I’m spending a lot of time right now trying to organize a project for next summer to go out and actually sample some of these waters, so we can have mathematically driven hypotheses about how old the water is, what its composition is. The next year, we want to go out and sample it south of Martha’s Vineyard, Massachusetts, to try and see how well our understanding of the system is. So, we can make forecasts about how it’ll change over time due to changes in precipitation with climate change, changes in sea level due to climate change. So how is this potential resource going to change over time? And how might it be accessible to people? Right now, we’re in a lot of technical planning stages. We know what we want to do and what we want to measure, so we’re assembling a science party of about 30 scientists who will participate.
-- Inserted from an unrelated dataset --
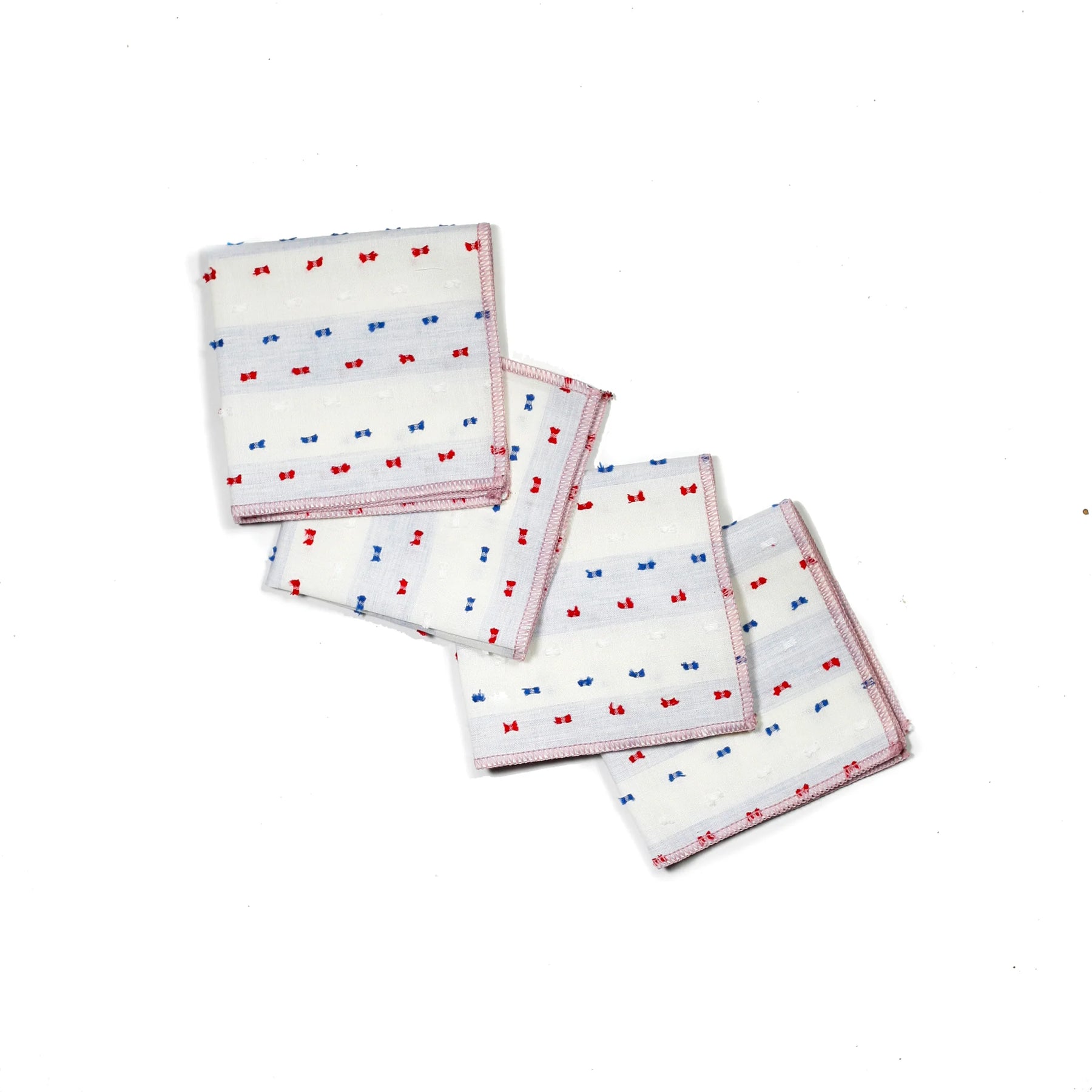 Who could resist this adorable swiss dot style, full of rows and rows of bows!? Perfectly prim, in a modern color palette of primary colors — the Bows cloth napkins add a touch of femininity and sweetness. Our cocktail napkins sets are impossibly soft, easy-to-care-for, and round out housewarming gifts and well-stocked cocktail gift baskets.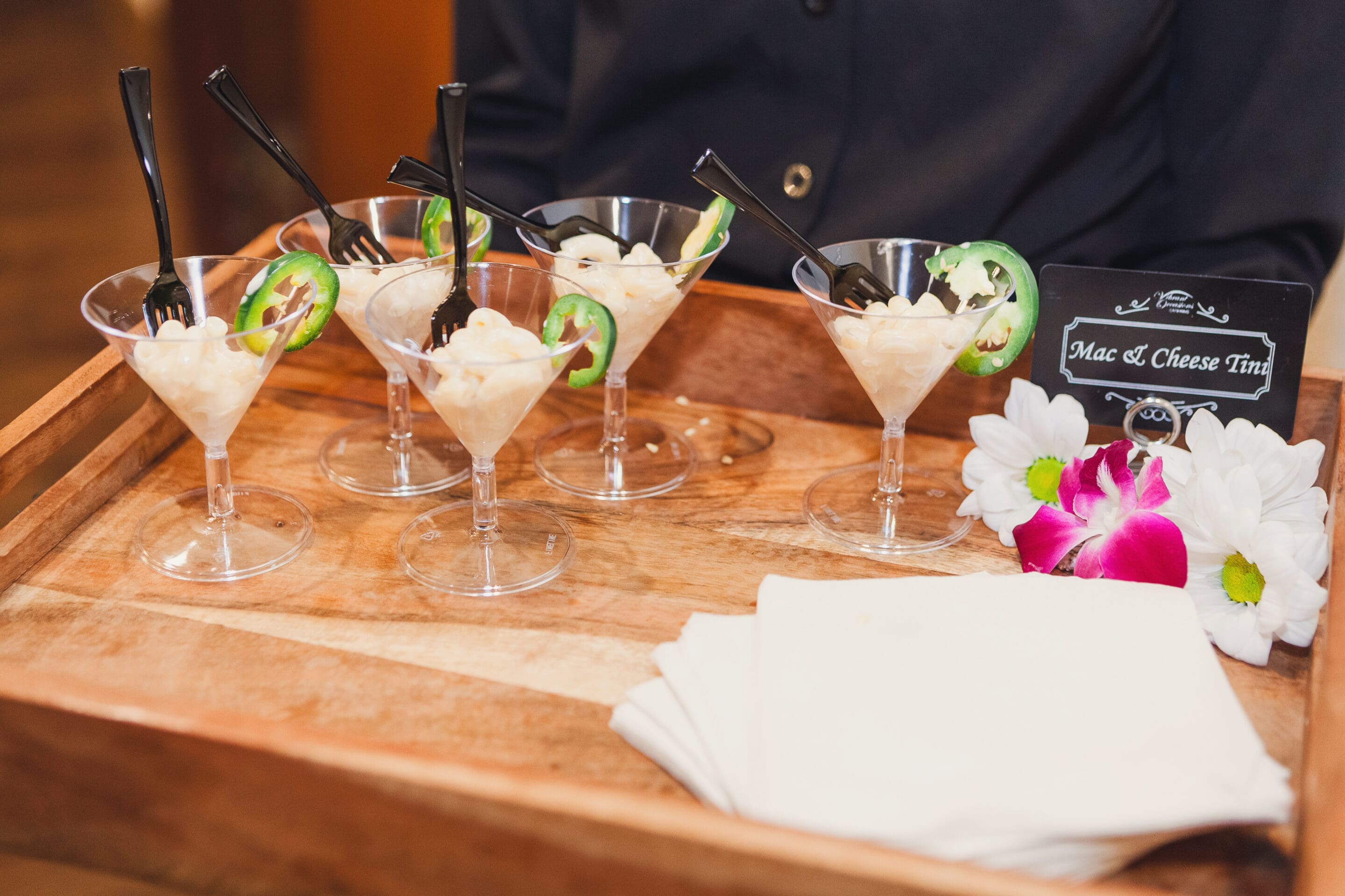 The evening began with passed hors d’oeuvres that set the tone for the innovative menu to come. Guests mingled during cocktail hour, enjoying mini chicken & waffles drizzled with maple syrup and creamy jalapeño mac & cheese served in stylish mini martini glasses. The avocado steak toast topped with smoked beef tenderloin and crispy onion tanglers proved to be a crowd favorite, while spinach artichoke crostini offered a vegetarian option that disappeared just as quickly.

All geoscientist but some of them studied water chemistry, some of them have studied rock physics, some of them have studied how water and microbes interact with each other, and then organizing the drilling vessel that to go out and do all the sampling and measurements next year.

Zehra
We wondered if there’s anything about his field that may not be visible to others that he wishes they knew more about.

Brandon
I think one is, you know, we live in an era where we have access to so many different fields. And so, I think one thing that’s exciting is, or that I’d like people to know, is to become a scientist, you know, we’re not creating things from scratch anymore. We’re not Newton, we’re not Einstein. And so, it’s really working with scientists across fields where we learn the most.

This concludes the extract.